ThirdPartyAccountLinks are records in Salesforce storing user details of an External AuthProvider (like Facebook, Google+ or a custom one for SSO) to the Salesforce user the user authenticated and identified his/herself with. On these records you find details like the related Auth. Provider, the Handle (username in External System) and RemoteIdentifier (unique user id in External System).

Example use case: Imagine Samantha to r2egister at your Salesforce Community with email; Afterwards she opts to authorise with Facebook as she likes to minimise her number of accounts and passwords. She logs in at Facebook with and grants Salesforce access to her Facebook profile for the requested scope (e.g. profile details, friendlist and such). You’ve set up the Auth. Provider to allow matching even when emails mismatch ONLY as for fresh, new accounts, since that mitigates the risk of exposing data from other customers. By the end of this, Samantha can easily login to your Community with here Facebook credentials. She has a SF User with a related TPAL stating at least ‘’ as Handle and ‘Facebook’ as Auth. Provider.

This article is to share some of my experiences and most importantly, some undocumented behaviour regarding those connecting objects.


Unfortunately, as of Spring ’20 Salesforce has revoked any read-access for users without “Manage Users” permissions. Only Community Users are allowed to see TPALs which are connected to their User record.

Due to this restriction, one is not able to query ThirdPartyAccountLinks for matching or identifying a user on login or before registration.


By default, ThirdPartyAccountLinks are set to read-only. To allow creation and deletion this standard object needs to be made writable via Salesforce Customer Support. However, even then, TPALs cannot be updated (so only inserted or deleted).


Since ThirdPartyAccountLinks are no standard objects and connect details from an External System to Salesforce data, Salesforce made the decision to treat them differently as well.

For that reason, you can’t manipulate TPALs using standard DML actions:
System.DmlException: Argument must be of internal sObject type. use insertAsync() or insertImmediate() instead

Using insertImmediate() allows to simply create new ThirdPartyAccountLinks to the User of your chosing.


To delete a TPAL, or in other words, revoke access of that External User for the corresponding Salesforce User, Salesforce provides you two options: Auth.AuthToken.revokeAccess() or Database.deleteImmediate().

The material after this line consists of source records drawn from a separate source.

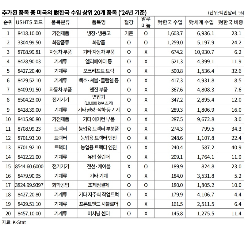 한국무역협회는 “이번에 추가된 관세 품목에 대한 미국의 대(對)한국 수입이 약 118.9억 달러에 이른다”면서 “이번 발표처럼 미국 업계가 파생관세 부과를 요청할 경우 철강·알루미늄 함량이나 수입 증가 여부와 관계없이 수용될 것으로 우려된다”고 분석했다.
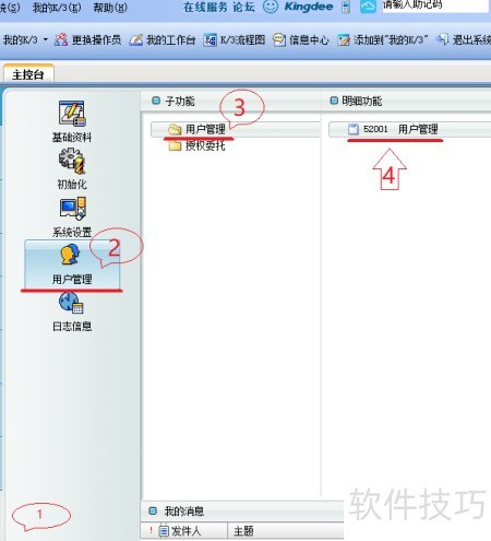 15、 登录后进入新窗口,依次点击系统设置、用户管理,在明细功能里选择系统管理并双击开启。
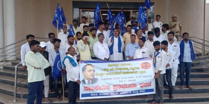 ಕರ್ನಾಟಕ ಸರ್ಕಾರವು ಹೊರಗುತ್ತಿಗೆ ನೇಮಕಾತಿಗಳಲ್ಲಿ ಮೀಸಲಾತಿ ಅಳವಡಿಸಿ ಹೊರಡಿಸಿರುವ ಸುತ್ತೋಲೆಯಲ್ಲಿ ನೇಮಕಾತಿಗೆ ಪಾಲಿಸಬೇಕಾದ ನಿಯಮಗಳನ್ನು ಮಾರ್ಪಡಿಸುವಂತೆ ಒತ್ತಾಯಿಸಿ ಯಾದಗಿರಿಯಲ್ಲಿ ದಲಿತ ಸಂಘರ್ಷ ಸಮಿತಿಯ ಮುಖಂಡರು ಜಿಲ್ಲಾಧಿಕಾರಿ ಕಚೇರಿ ಎದುರು ಪ್ರತಿಭಟನೆ ನಡೆಸಿದರು.
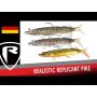 Longueur : 20cm / 8inch. Trois options de couleur. Forme de corps de proie hyper réaliste. Motifs de couleurs hyper réalistes. Hameçons haut de gamme. Système de rotation d’hameçon de ventre pour aider à maintenir les accrocs d’hameçons.
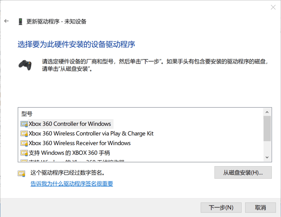 到这里xbox360手柄的win10驱动程序已经安装成功了。
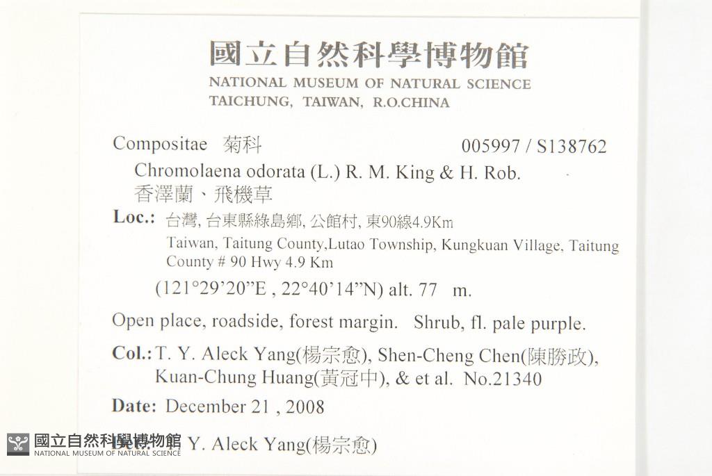 Collector:T. Y. Aleck Yang(楊宗愈), Shen-Cheng Chen(陳勝政), Kuan-Chung Huang(黃冠中), & et al.

Both come with advantages and disadvantages, but for sure with their own quirks.

Auth.AuthToken.revokeAccess( authProviderId, providerName, userId, remoteIdentifier )
This lovely Apex function allows to easily revoke access by deleting the ThirdPartyAccountlink after providing the Id and name of the AuthProvider and the IDs of the User in both Salesforce and the External System (RemoteIdentifier), respectively.

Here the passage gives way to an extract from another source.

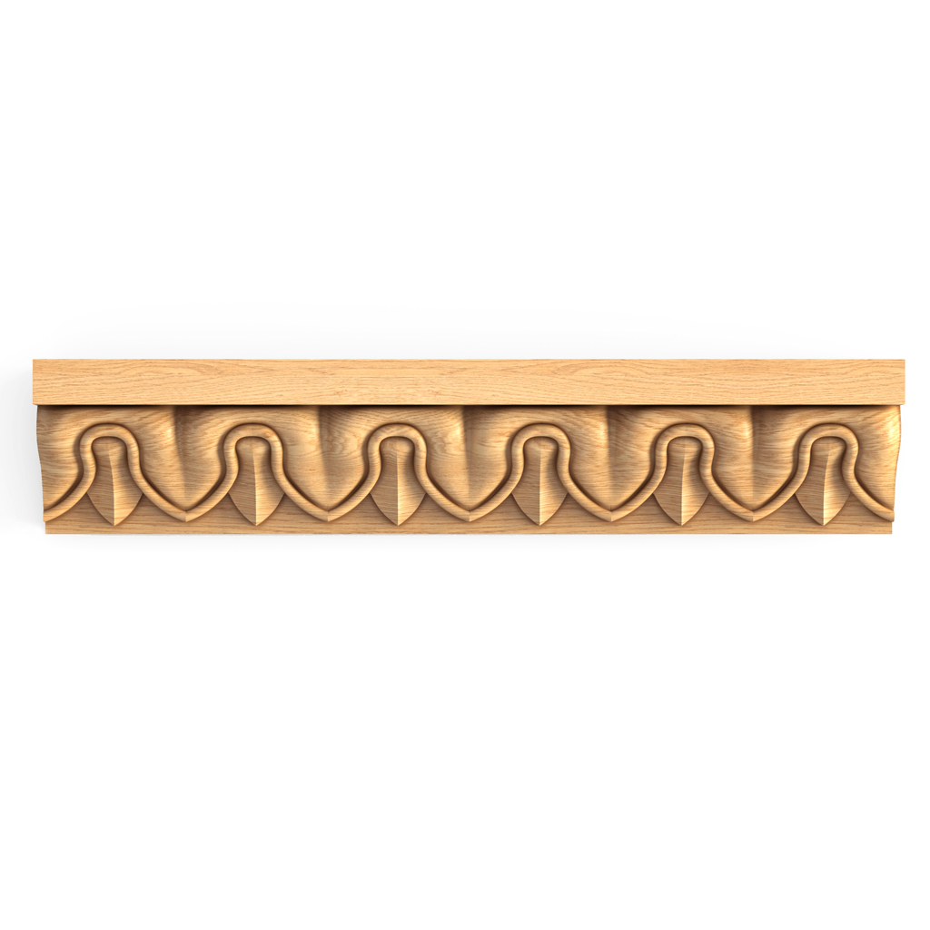 Carved Molding K-002 — one of the options for the classic "Bark Leaf" pattern. The simple and elegant design combines beautifully with more complex carved elements. The convenient cross-section expands the possibilities for using the molding. Doors, staircases, wall panels, cornices, kitchen facades, beds, bedside tables, and cabinets — with it, any furniture will look stylish and unique. Thanks to the backing, the wooden molding K-002 is easy to assemble and install.

While the method returns a Boolean to indicate success or failure, there is no description or hint why the revoke failed, in case false is returned.

When using this method, it is crucial (and undocumented) to provide the ProviderName in lowercase. Else, the method will simply return false and no TPAL will be deleted. A code example can be found below.

Database.deleteImmediate( List<SObject> || SObject )
This Apex function might be perceived more intuitive, since the syntax is comparable with the standard delete and Database.delete() functions.

Significant benefit is the return of List<Database.DeleteResult>, allowing a little better understanding of the cause of failure.

Unfortunately, at the time of writing (March ’21) there was a known bug at Salesforce, causing an Internal Server Error: UNKNOWN_EXCEPTION, An unexpected error occurred. Please include this ErrorId if you contact support: 1110349392-159649 (74215998) .

A Salesforce support agent replied with: “I could see a bug W-5238232 for the delete operation. As a workaround, they requested to use Auth.AuthToken.revokeAccess() instead of deleteImmediate() .”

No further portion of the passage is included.